Task item -
Among the lines below, copy exactly those from the one with "習近平在慰問電中強調,中伊是" through the one with "Asunción, IP.- El", counting both ends.

━━━━━ Input

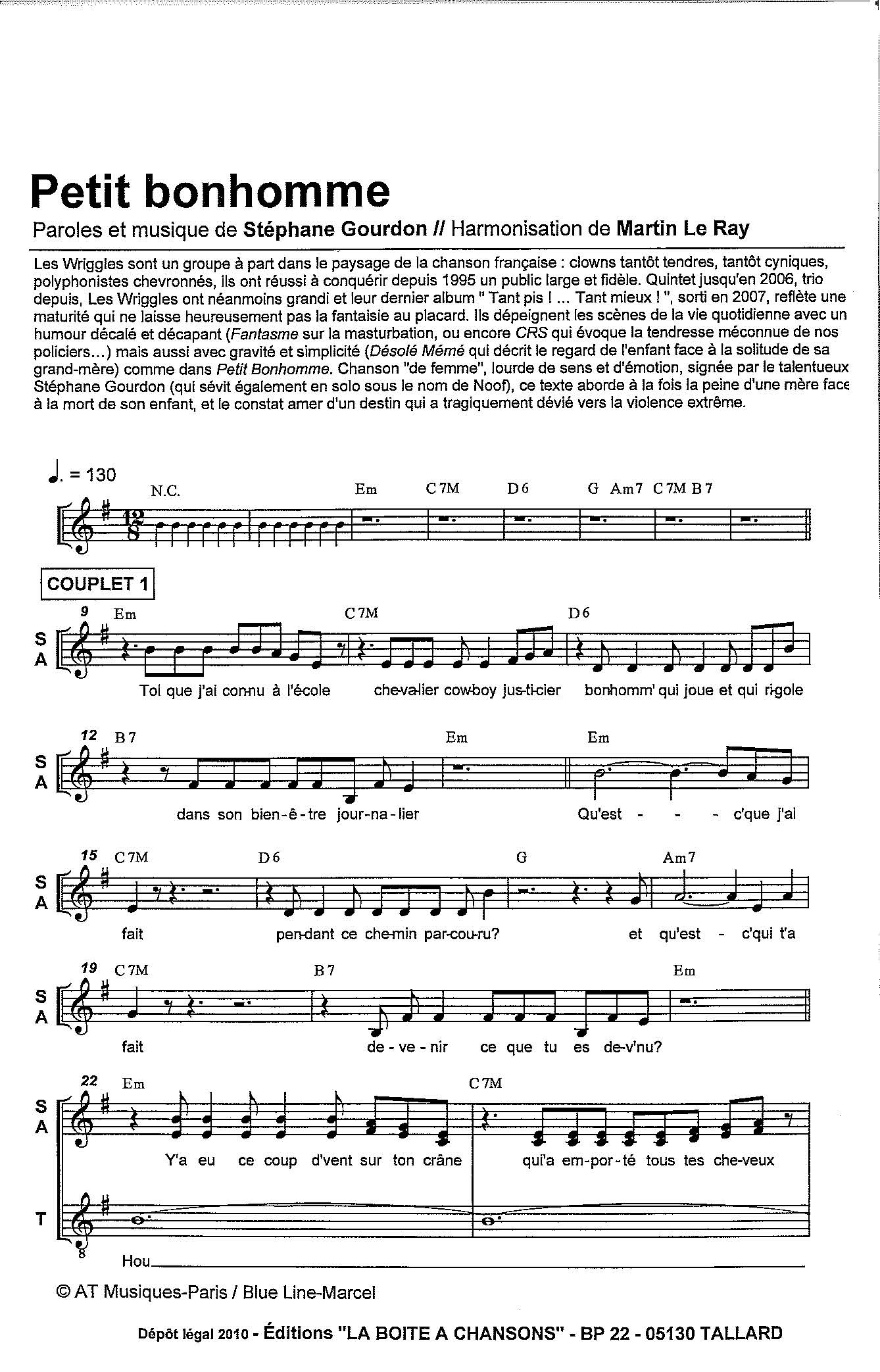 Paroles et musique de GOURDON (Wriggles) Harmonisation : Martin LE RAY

━━━━━━━━━━
━━━━━ Input

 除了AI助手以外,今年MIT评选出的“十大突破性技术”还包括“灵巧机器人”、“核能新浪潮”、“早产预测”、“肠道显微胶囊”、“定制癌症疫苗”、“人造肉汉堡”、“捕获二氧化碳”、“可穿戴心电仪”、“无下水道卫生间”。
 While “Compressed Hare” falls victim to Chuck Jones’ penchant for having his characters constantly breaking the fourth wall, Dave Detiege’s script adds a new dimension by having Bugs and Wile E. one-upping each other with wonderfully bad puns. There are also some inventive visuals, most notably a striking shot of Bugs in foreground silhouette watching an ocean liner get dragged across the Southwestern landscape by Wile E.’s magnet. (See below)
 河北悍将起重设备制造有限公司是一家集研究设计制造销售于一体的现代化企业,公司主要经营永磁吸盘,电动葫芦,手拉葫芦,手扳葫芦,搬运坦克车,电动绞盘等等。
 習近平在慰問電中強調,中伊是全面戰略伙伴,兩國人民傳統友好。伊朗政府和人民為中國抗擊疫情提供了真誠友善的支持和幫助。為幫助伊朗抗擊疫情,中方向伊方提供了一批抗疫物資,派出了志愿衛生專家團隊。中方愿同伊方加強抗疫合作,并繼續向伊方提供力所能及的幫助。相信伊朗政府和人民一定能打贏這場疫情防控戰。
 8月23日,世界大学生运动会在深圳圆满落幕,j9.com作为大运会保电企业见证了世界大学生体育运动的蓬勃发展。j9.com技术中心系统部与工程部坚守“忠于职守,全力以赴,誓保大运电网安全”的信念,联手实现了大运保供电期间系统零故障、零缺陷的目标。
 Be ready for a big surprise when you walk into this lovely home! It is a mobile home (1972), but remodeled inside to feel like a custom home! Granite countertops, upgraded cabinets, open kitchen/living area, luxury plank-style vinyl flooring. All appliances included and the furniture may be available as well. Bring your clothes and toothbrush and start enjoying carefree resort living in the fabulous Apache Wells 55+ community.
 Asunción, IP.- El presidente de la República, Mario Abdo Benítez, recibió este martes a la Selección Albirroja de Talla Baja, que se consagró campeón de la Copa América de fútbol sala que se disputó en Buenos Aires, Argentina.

━━━━━━━━━━
━━━━━ Input

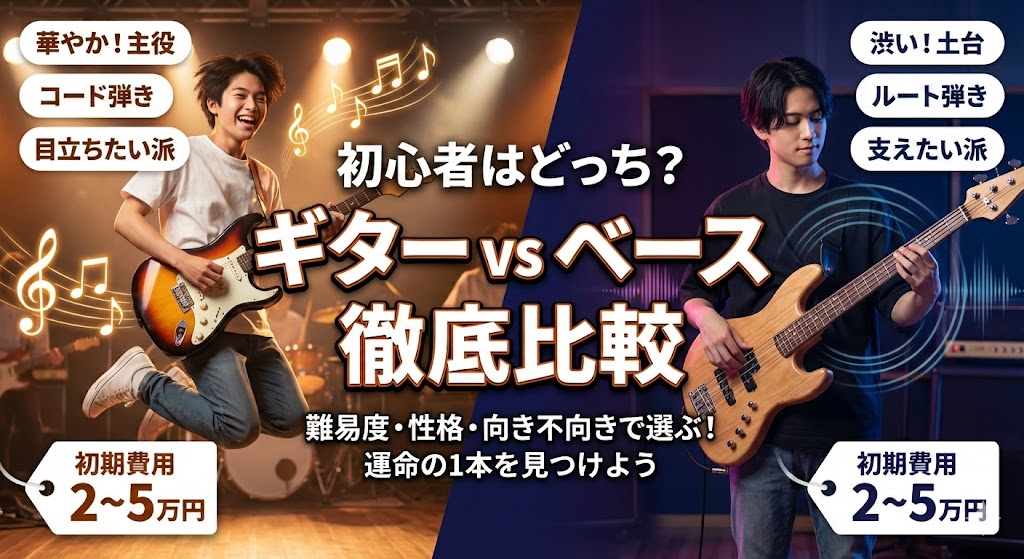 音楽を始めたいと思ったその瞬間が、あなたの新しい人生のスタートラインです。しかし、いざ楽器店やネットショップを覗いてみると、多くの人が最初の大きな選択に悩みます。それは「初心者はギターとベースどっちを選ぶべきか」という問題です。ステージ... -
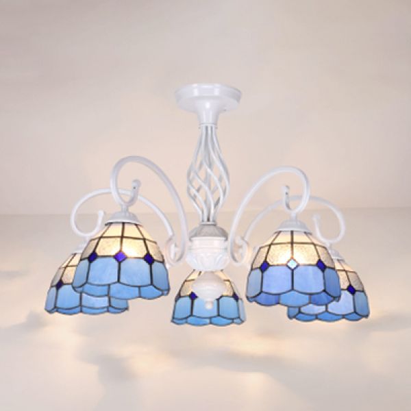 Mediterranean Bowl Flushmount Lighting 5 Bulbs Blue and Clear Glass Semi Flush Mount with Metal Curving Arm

━━━━━━━━━━

Result for this task -
 習近平在慰問電中強調,中伊是全面戰略伙伴,兩國人民傳統友好。伊朗政府和人民為中國抗擊疫情提供了真誠友善的支持和幫助。為幫助伊朗抗擊疫情,中方向伊方提供了一批抗疫物資,派出了志愿衛生專家團隊。中方愿同伊方加強抗疫合作,并繼續向伊方提供力所能及的幫助。相信伊朗政府和人民一定能打贏這場疫情防控戰。
 8月23日,世界大学生运动会在深圳圆满落幕,j9.com作为大运会保电企业见证了世界大学生体育运动的蓬勃发展。j9.com技术中心系统部与工程部坚守“忠于职守,全力以赴,誓保大运电网安全”的信念,联手实现了大运保供电期间系统零故障、零缺陷的目标。
 Be ready for a big surprise when you walk into this lovely home! It is a mobile home (1972), but remodeled inside to feel like a custom home! Granite countertops, upgraded cabinets, open kitchen/living area, luxury plank-style vinyl flooring. All appliances included and the furniture may be available as well. Bring your clothes and toothbrush and start enjoying carefree resort living in the fabulous Apache Wells 55+ community.
 Asunción, IP.- El presidente de la República, Mario Abdo Benítez, recibió este martes a la Selección Albirroja de Talla Baja, que se consagró campeón de la Copa América de fútbol sala que se disputó en Buenos Aires, Argentina.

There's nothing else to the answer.